I recommend using a direct HDMI feed vs. viewing cams thru a browser. You will have better resolution, refresh rate, FPS, etc vs. streaming - especially at 4K res (even thou your cams are probably not 4K).
I agree with you, there's definitely no HDCP content in the window, but at 1920x1080 I get a steady on/off blinking LED for the HDCP light on the SIIG. If I try to push the resolution up to 4K I lose that blinking LED, goes completely dark and I can't seem to get it to sync back up. If I bring the TV to where the BI server is located and try it over a short cable, I still get the HDCP LED and I can push 4K on the resolution, so I feel confident it's the length on the cable.
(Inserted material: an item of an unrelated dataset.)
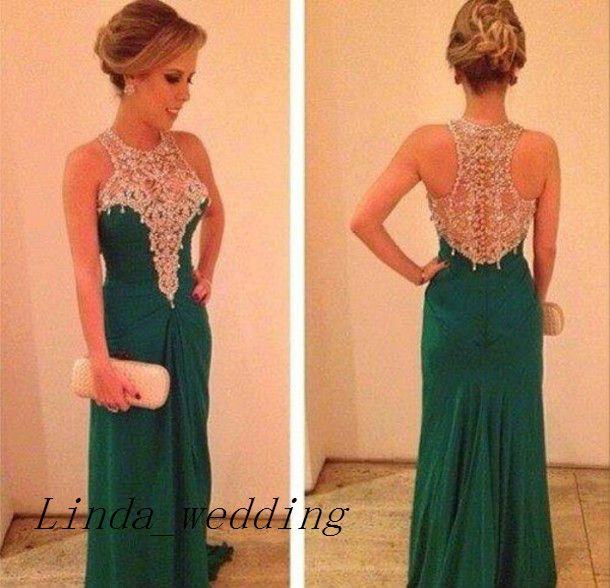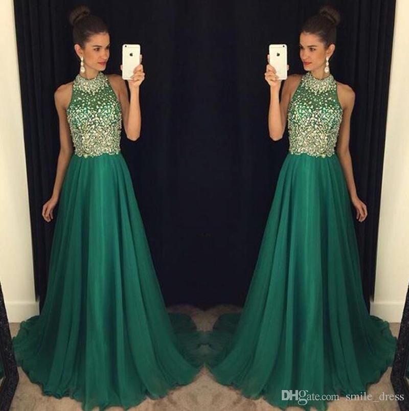 Prom Dress 2017 Beading Emerald Green Prom Dress Backless Prom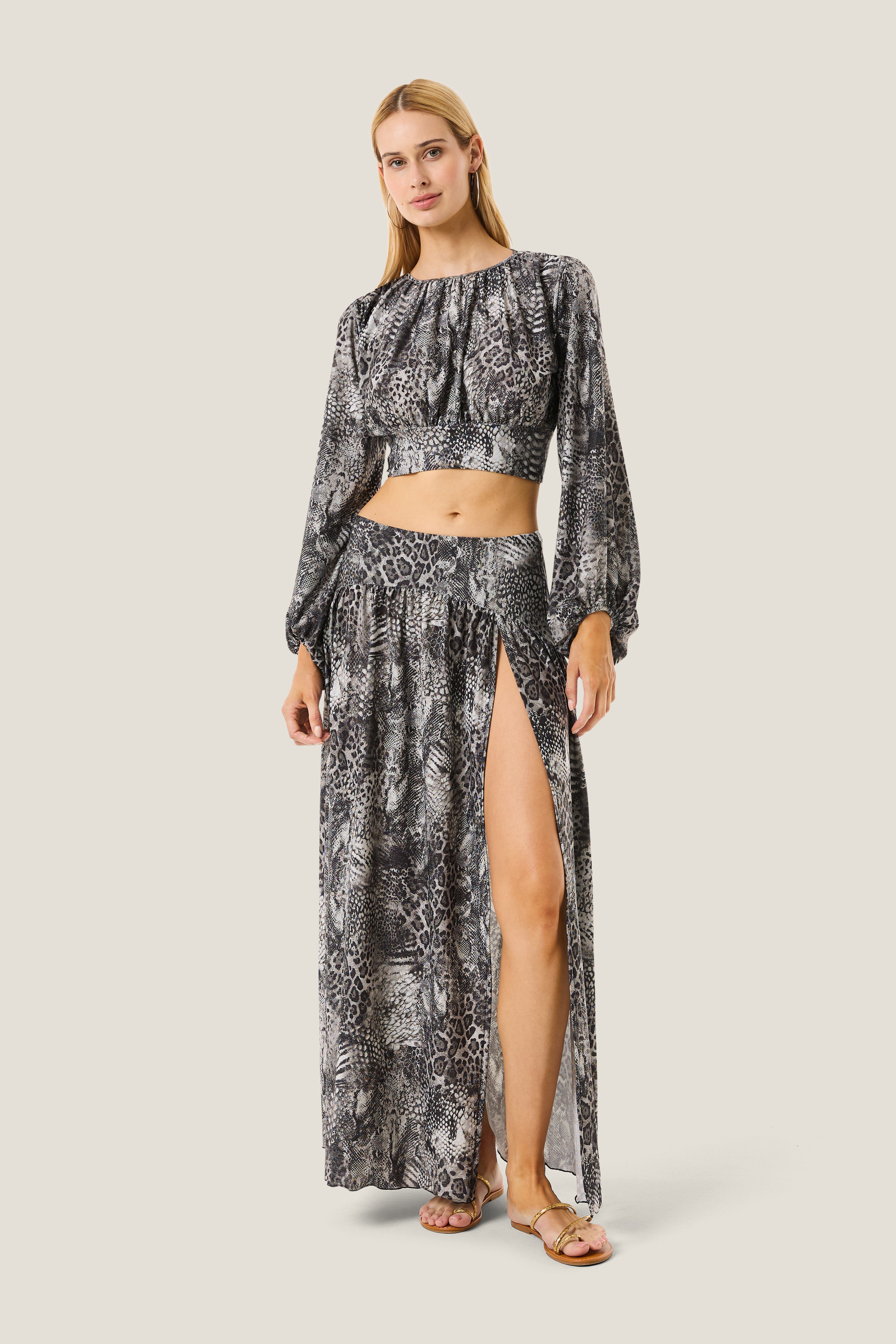 Gonna lunga spacchi animalier resort

As for HDMI vs. browser viewing, that's a bummer. I definitely understand why, I might even try an RPi 4 to see how it does, but with recording, re-encoding, serving it up through the web server, then displaying it, there's definitely going to be some lapse in quality and even latency at the viewing station, even with the viewing station being on the same gigabit switched network. If I look at my bandwidth utilization across my network, I have tons to spare, and I know with that huge Nvidia Quadro that the server could easily take more abuse. The RPi 4 might be an interesting test just to see how it performs ... I'm pretty sure I have a spare one around here somewhere.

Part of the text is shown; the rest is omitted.